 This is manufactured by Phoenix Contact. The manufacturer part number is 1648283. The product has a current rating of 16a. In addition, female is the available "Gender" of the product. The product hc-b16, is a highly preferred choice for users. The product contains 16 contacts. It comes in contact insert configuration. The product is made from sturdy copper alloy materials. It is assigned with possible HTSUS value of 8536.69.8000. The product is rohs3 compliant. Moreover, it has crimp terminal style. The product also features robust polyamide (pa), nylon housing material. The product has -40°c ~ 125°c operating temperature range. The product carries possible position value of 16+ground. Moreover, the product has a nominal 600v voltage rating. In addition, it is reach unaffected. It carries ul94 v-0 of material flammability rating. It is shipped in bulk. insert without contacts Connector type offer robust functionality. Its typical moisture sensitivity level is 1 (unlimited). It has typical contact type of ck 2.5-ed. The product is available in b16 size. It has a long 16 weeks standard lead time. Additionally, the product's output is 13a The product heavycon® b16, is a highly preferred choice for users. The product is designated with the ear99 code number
┄┄┄┄┄┄┄┄┄┄┄┄┄┄┄┄┄┄┄┄
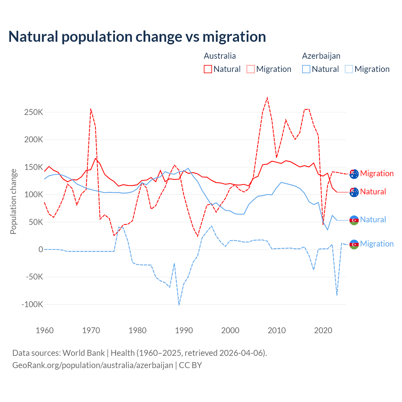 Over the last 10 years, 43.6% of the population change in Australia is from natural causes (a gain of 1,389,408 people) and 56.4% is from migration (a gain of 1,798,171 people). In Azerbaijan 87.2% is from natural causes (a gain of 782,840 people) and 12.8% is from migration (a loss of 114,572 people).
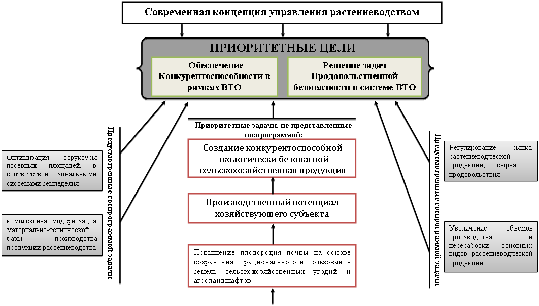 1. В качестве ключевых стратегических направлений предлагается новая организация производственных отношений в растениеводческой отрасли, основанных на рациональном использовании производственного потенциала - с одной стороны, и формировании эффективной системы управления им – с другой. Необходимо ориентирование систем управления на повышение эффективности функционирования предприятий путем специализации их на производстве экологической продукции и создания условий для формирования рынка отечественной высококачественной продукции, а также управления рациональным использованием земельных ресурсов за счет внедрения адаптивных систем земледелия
┄┄┄┄┄┄┄┄┄┄┄┄┄┄┄┄┄┄┄┄
Exercise goal:
Taking the records above, print only and exactly the lines from the line with "Over the last" to the line with "1. В качестве", both kept, and exclude pictures.

Response below:
 Over the last 10 years, 43.6% of the population change in Australia is from natural causes (a gain of 1,389,408 people) and 56.4% is from migration (a gain of 1,798,171 people). In Azerbaijan 87.2% is from natural causes (a gain of 782,840 people) and 12.8% is from migration (a loss of 114,572 people).
 1. В качестве ключевых стратегических направлений предлагается новая организация производственных отношений в растениеводческой отрасли, основанных на рациональном использовании производственного потенциала - с одной стороны, и формировании эффективной системы управления им – с другой. Необходимо ориентирование систем управления на повышение эффективности функционирования предприятий путем специализации их на производстве экологической продукции и создания условий для формирования рынка отечественной высококачественной продукции, а также управления рациональным использованием земельных ресурсов за счет внедрения адаптивных систем земледелия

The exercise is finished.